Distributed Training support

Run the same code across all supported backends seamlessly

Backends from native torch distributed configuration: nccl, gloo, mpi
Horovod framework with gloo or nccl communication backend
XLA on TPUs via pytorch/xla

import ignite.distributed as idist

def training(local_rank, *args, **kwargs):
    dataloder_train = idist.auto_dataloder(dataset, ...)

    model = ...
    model = idist.auto_model(model)

    optimizer = ...
    optimizer = idist.auto_optimizer(optimizer)

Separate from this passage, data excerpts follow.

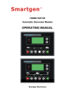 HGM6110/6120 Automatic Generator Module OPERATING MANUAL Smartgen Electronics Smartgen Electronic Equipment Co,.Ltd No.12 Dongqing Street Zhengzhou Henan Province P.R.China Tel : (0086)-371-67992951 67991572 Fax: (0086)-371-67992952 Web: http://www.smartgen.com.cn http://www.smartgen.cn Email: smartgen@smartgen.com.cn All rights reserved. No part of this publication may be reproduced in any material form (including photocopying or storing in any medium by electronic means or other) without the written permission of the copyright holder. Applications for the copyright holder’s written permission to reproduce any part of this publication should be addressed to Smartgen Electronics at the address above. Any reference to trademarked product names used within this publication is owned by their respective companies. Smartgen Electronics reserves the right to change the contents of this document without prior notice. Software Version Version Date 1.0 2008-01-20 1.1 2008-03-25 2.0 2008-10-27 Note Original release. Amend picture error Add control HGM6110/6120 AUTO START MODULE CONTENT 1.SUMMARY .....................................................................................4 2.PERFORMANCE AND CHARACTERISTICS .................................4 3.SPECIFICATION.............................................................................6 4.OPERATION...................................................................................6 4.1KEY FUNCTION ........................................................................................ 6 4.2AUTOMATIC OPERATION ........................................................................ 7 4.3MANUAL OPERATION .............................................................................. 8 5.PROTECTION ................................................................................9 6.CONNECTING TERMINAL...........................................................12 7.PARAMETER RANGE AND DEFINE............................................14 7.1PARAMETERS TABLE (TABLE 1) ........................................................... 14 7.2OUTPUT 1-4 TABLE (TABLE 2)............................................................... 17 7.3DIGIT INPUT 1-2 TABLE (TABLE 3) ........................................................ 17 7.4SENSOR (TABLE 4) ................................................................................ 18 7.5CONDITION OF CRANK SUCCEED (TABLE 5) ..................................... 19 8.SETTING PARAMETER ...............................................................19 9.TEST RUN....................................................................................21 10.TYPICAL WIRING DIAGRAM .....................................................22 11.INSTALLATION ...........................................................................23 12.FAULT FINDING .........................................................................24 HGM6110/6120 Auto Start Module ISSUE 2.0 2008-10-27 Page 3 of 24 HGM6110/6120 AUTO START MODULE 1. SUMMARY HGM6100 Series generator controller integrating digital, intelligent and network techniques is used for automatic control system of diesel generator. It can carry out functions including automatic start/stop, data measure and alarming. The controller uses LCD display, optional Chinese and English display interface with operation easy and reliable. HGM6100 Series generator controller uses micro-processing technique which can carry out precision measure, constant value adjustment, timing and threshold setting and etc. of multi-parameters. It can be widely used in all types of generator automatic control system for compact structure, advanced circuits, simple connections and high reliability. 2. PERFORMANCE AND CHARACTERISTICS ◆ HGM6100 controller has two types: HGM6110: ASM (Automatic Start Module) HGM6120: AMF (Automatic Mains Failure Module) ◆ Using microprocessor as a core, graphics LCD with big screen and backlight, display between Chinese and English, key touch for operation. ◆ Have a RS485 port, can used for communicate to PC. ◆ Precision measure and display of mains voltage mains frequency (Hz) mains current generator voltage generator current generator frequency (Hz) generator active power (kW) generator inactive power (kVar) generator apparent power (kVA) generator power factor generator starts count generator hours count generator cumulate electric energy (kWh) generator temperature generator pressure generator fuel level start battery voltage ◆ Configurable single phase 2 wires or 2 phase 3 wires or 3 phase 4 wires AC HGM6110/6120 Auto Start Module ISSUE 2.0 2008-10-27 Page 4 of 24 HGM6110/6120 AUTO START MODULE system input; ◆ Control protection: Automatic start/stop, load transfer and alarming of generator; ◆ Parameters setting: Allow user to modify setting and store them inside internal FLASH memory, the parameters can not be lost even with power down. All parameters can be set from the front panel, or be set by PC used SG72 ◆Three channel analog inputs, may joint with Resistive-type temperature/ pressure/ fuel level sensors, Several temperature and pressure sensors can be used directly (ie. VDO, DATCON, CUMMINS), also may select “user defined” sensor via entering 8 point curves; ◆ Display of generator cumulated electric energy; ◆ Security password-protected programming levels. ◆ Several crank success conditions are optional; ◆ Built-in speed/frequency detecting units can accurately judge the states such as crank success and over speed; ◆ Power supply range is wide, accommodating to different starting battery voltage environments; ◆ All parameters use digital modulation, abandoning analog modulation using conventional electronic potentiometer, reliability and stability are increased; ◆ Built-in watch dog can never be dead halt, ensuring smooth program execution; ◆ Modular configuration design, inserted type connection terminals, flush type installation, compact 
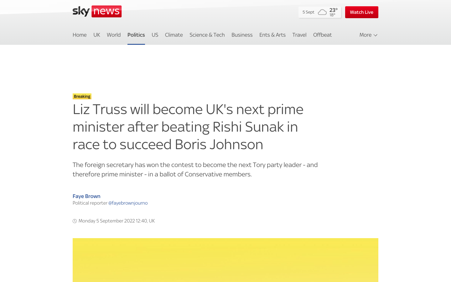 В предвыборной гонке Лиз Трасс обогнала экс-канцлера казначейства Риши Сунака. Она получила чуть более 81 тыс. голосов против чуть более 60 тыс. за Сунака.
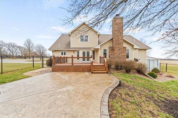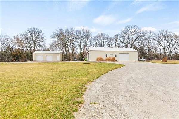 Enjoy peaceful country living just minutes from Baldwin City! This property spanning nearly 30-acres located 1 mile north of town offers wide open spaces, unmatched privacy, and plenty of room for gathering and entertaining. The home features 3 bedrooms and 3.5 bathrooms including a main level primary suite. The inviting main floor is centered around a large brick fireplace and flows into the kitchen and dining area, perfect for hosting and entertaining. The kitchen includes custom cabinets, granite countertops and hardwood floors with granite throughout the home. Upstairs offers secondary bedrooms with walk-in closets and a shared full bathroom. The finished basement adds extra living space with a non-conforming bedroom, office, additional rec room with a full bath. Basement also has walk-out greenhouse that leads to the back yard. Outside, enjoy a fenced backyard and patio plus a heated shop and additional machine shed-ideal for hobbies and storage. Experience the freedom of country living with the convenience of being close to Baldwin City.
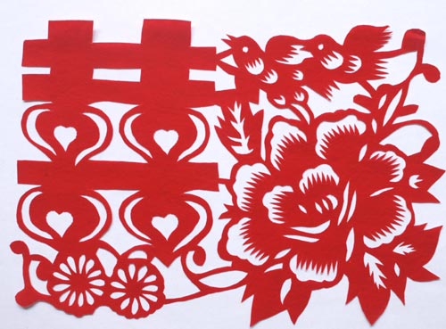 富贵双喜 剪纸作者:黑龙江哈尔滨林玉卿
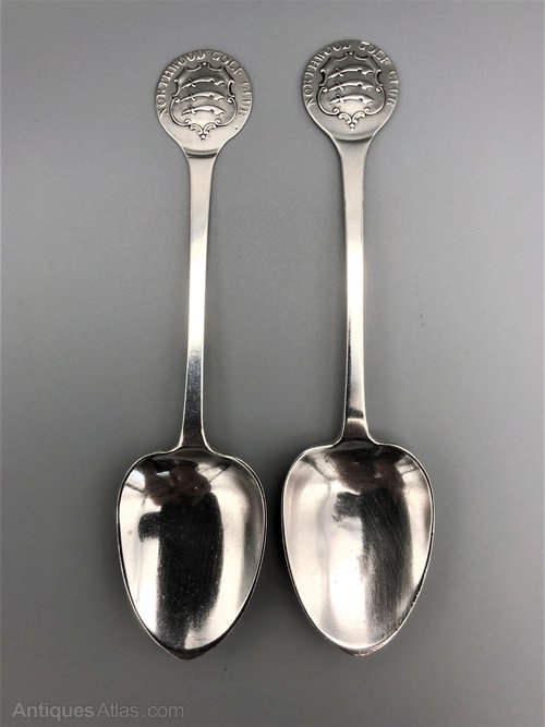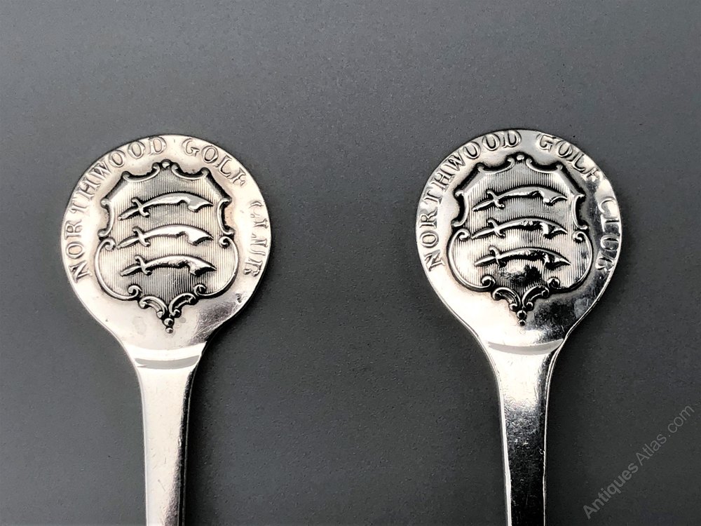 There are many examples of Golf Club spoons from the 1920s and 1930s but Victorian pieces are much rarer. Northwood Golf Club was founded in the Middlesex town of the same name in 1891, so the spoons were created not long after this, most probably for use in the club house.
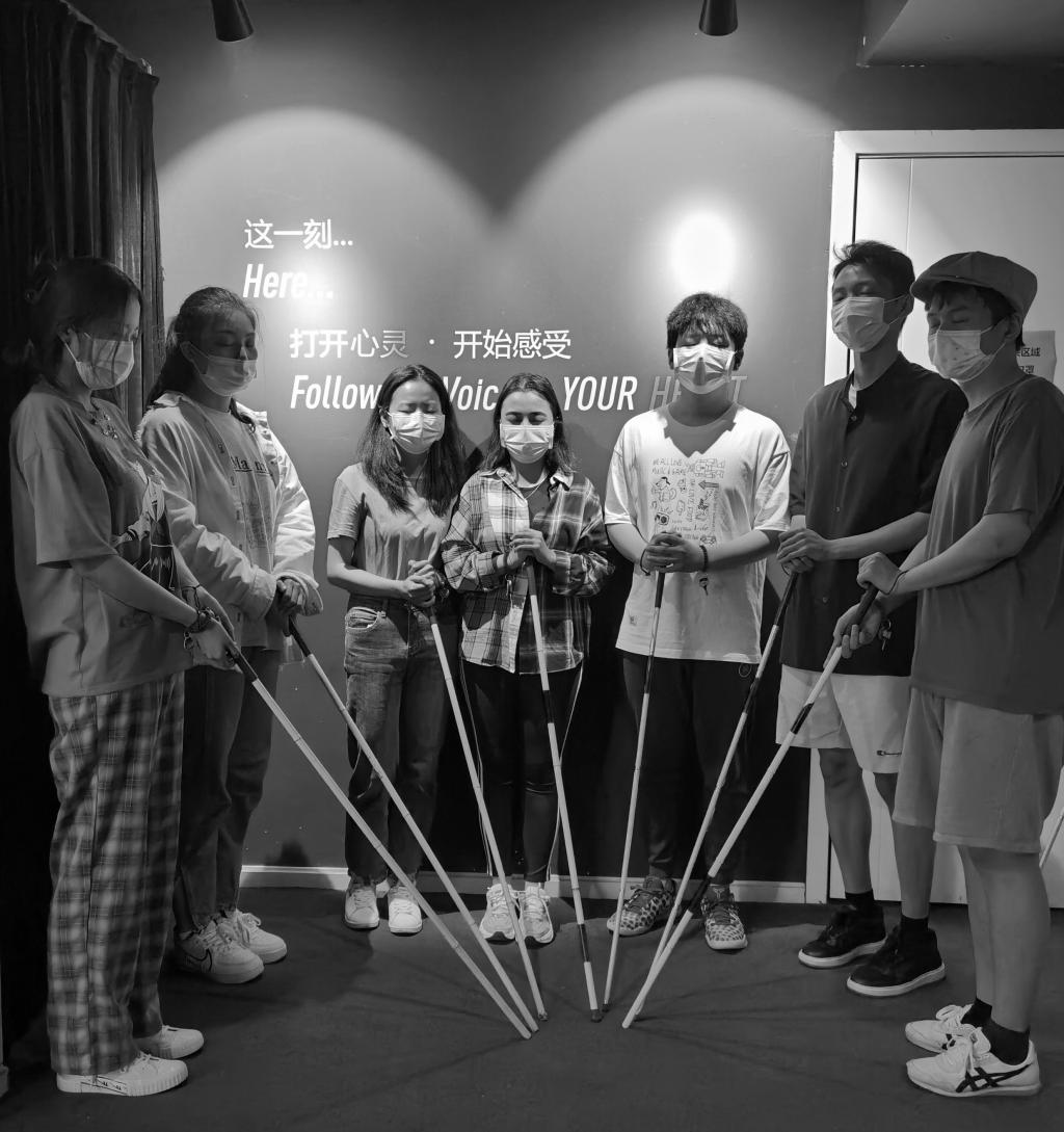 “黑暗中对话”是一项沉浸式体验活动,在完全黑暗的环境中,通过视觉障碍导赏员的引领,进行公园探景、三星堆文化漫游、过马路、找家具、超市购物、闲话座谈等体验活动,充分调动触觉、嗅觉、听觉等感官,深度体验视障群体的日常生活。体验伊始,同学们纷纷陷入“看不见光明”的陌生与不安中。随后,在导赏员的安抚和引领下,同学们互帮互助、互相鼓励,逐渐适应没有一点光亮的环境,在黑暗中前行。
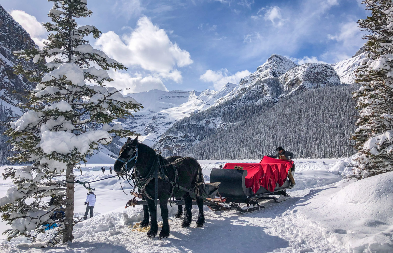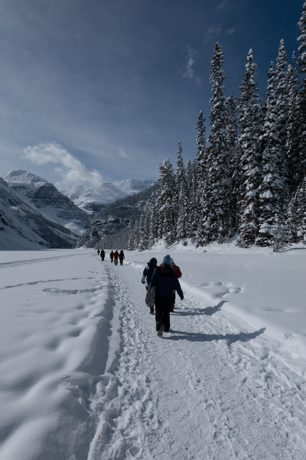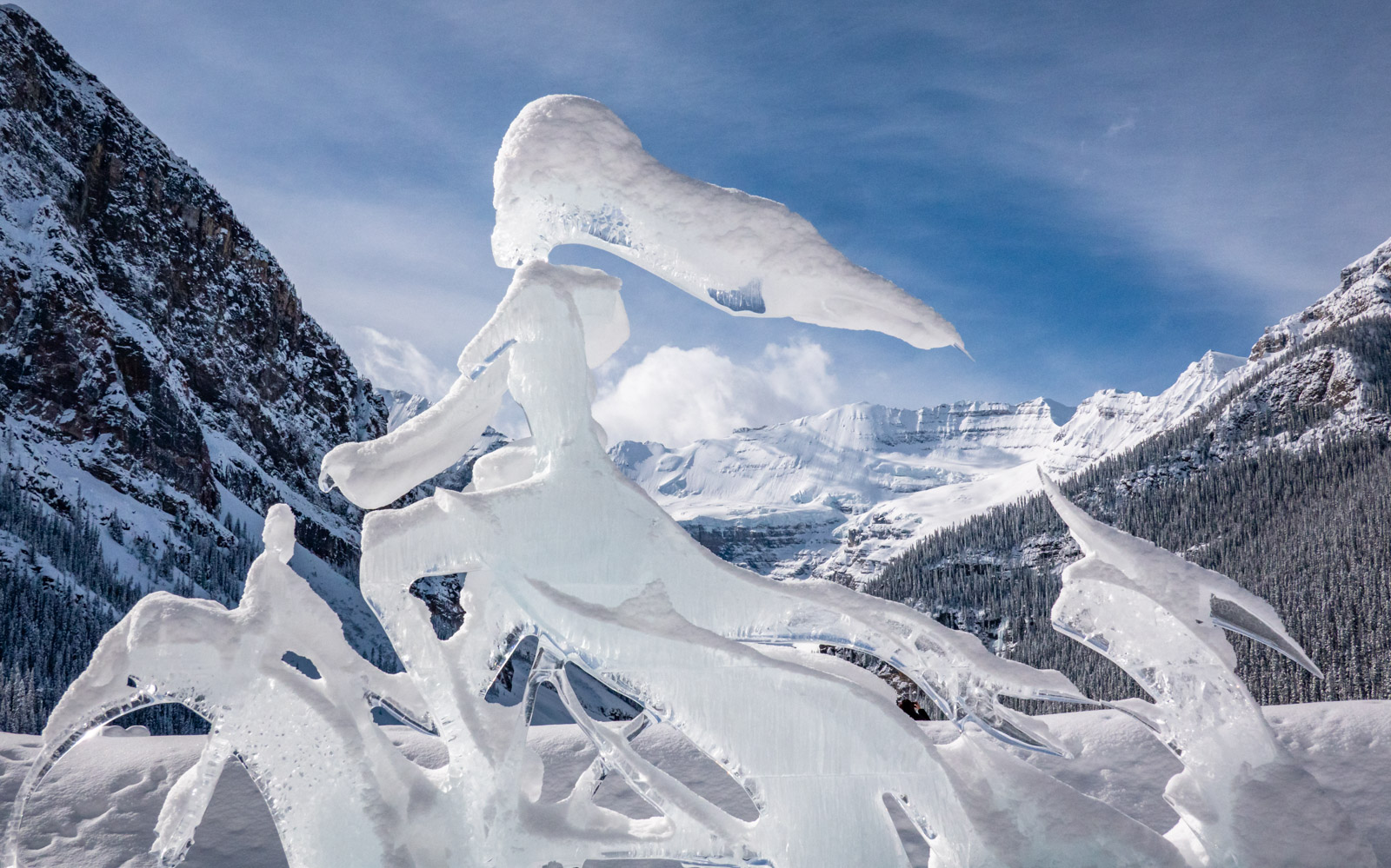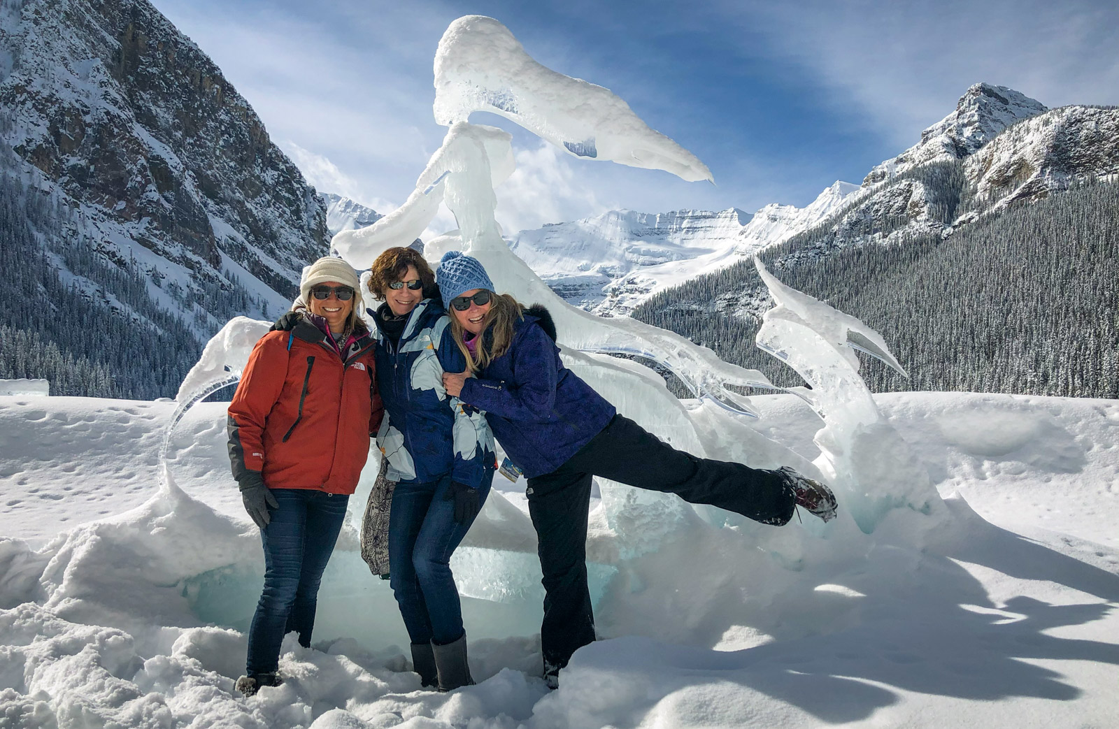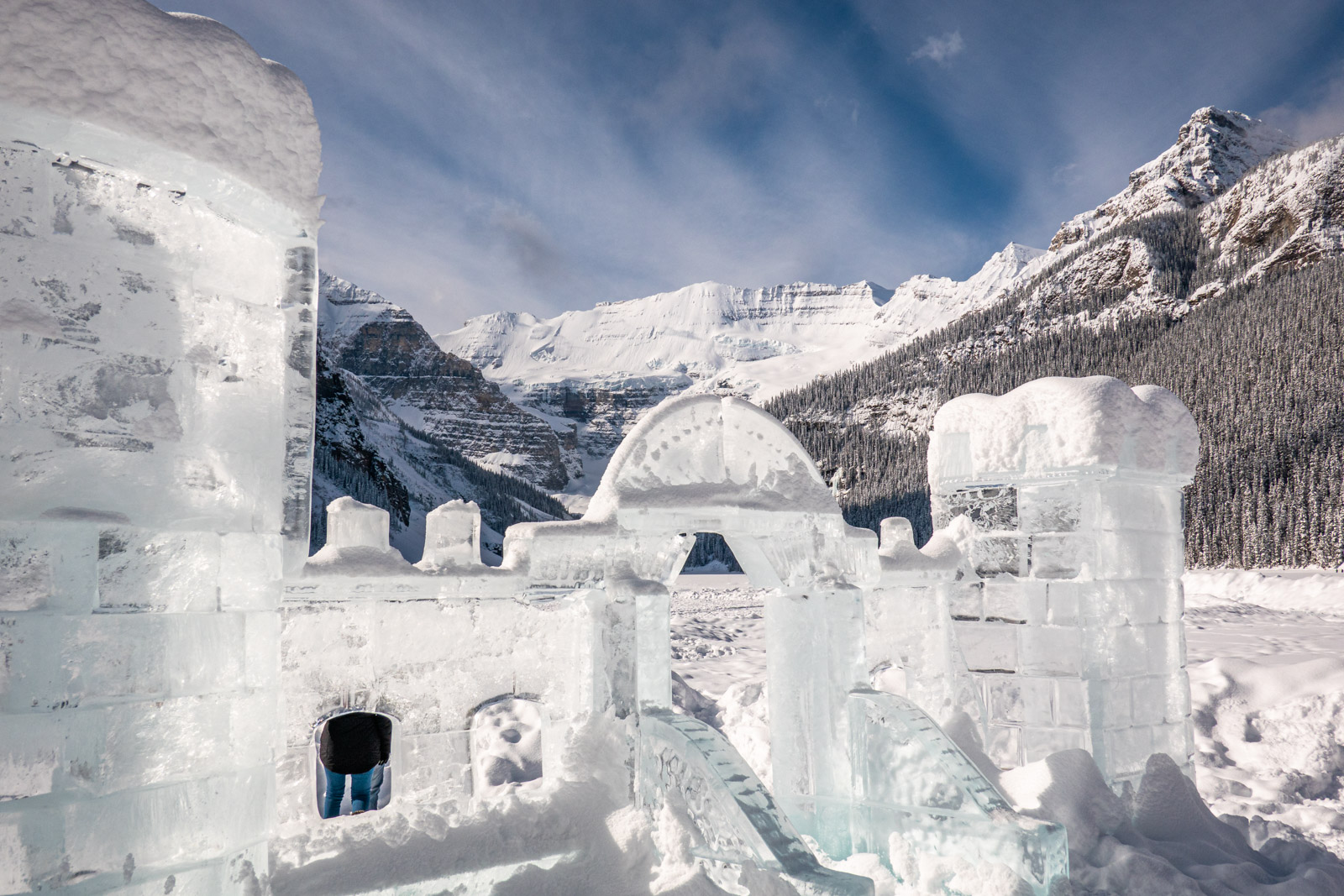 On our day off from skiing we went to visit the iconic Fairmont Chateau Lake Louise to explore and have lunch. The Hotel was originally built at the turn of the 20th century by the Canadian Pacific Railway, built to function only in summer, the hotel was winterized in 1982; and now offers skiing/snowboarding, ice skating, sleigh rides around the lake, ice sculpture contests and snowshoe excursions. There were fantastic ice sculptures so big we could walk through them. Click on thumbnail to view images
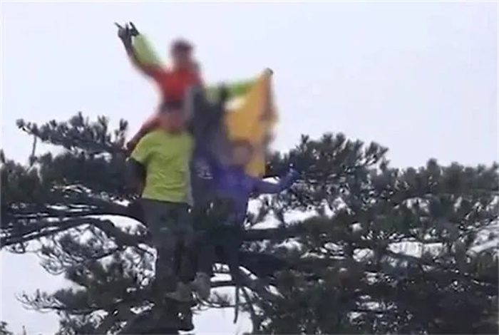 安徽宣城某景區(qū),游客爬到景區(qū)古松頂拍照

backend = 'nccl'  # or 'gloo', 'horovod', 'xla-tpu' or None
with idist.Parallel(backend) as parallel:
    parallel.run(training)

Distributed Training support

Distributed launchers

Handle distributed launchers with the same code

torch.multiprocessing.spawn
torch.distributed.launch
horovodrun
slurm

Distributed Training support

Unified Distributed API

High-level helper methods
- idist.auto_model()
- idist.auto_optim()
- idist.auto_dataloader()
Collective operations
- all_reduce, all_gather, and more

The Big Picture

Quick-start example 👩‍💻👨‍💻

Let’s train a MNIST classifier with PyTorch-Ignite!

Installation

With pip:

$ pip install pytorch-ignite

or with conda:

$ conda install ignite -c pytorch

Import, import, import…

import torch
from torch import nn
from torch.utils.data import DataLoader
from torchvision.datasets import MNIST
from torchvision.models import resnet18
from torchvision.transforms import Compose, Normalize, ToTensor

from ignite.engine import Events, create_supervised_trainer, create_supervised_evaluator
from ignite.metrics import Accuracy, Loss
from ignite.handlers import ModelCheckpoint
from ignite.contrib.handlers import TensorboardLogger

Start with a PyTorch code

Set up the dataflow, define a model (adapted ResNet18), a loss and an optimizer.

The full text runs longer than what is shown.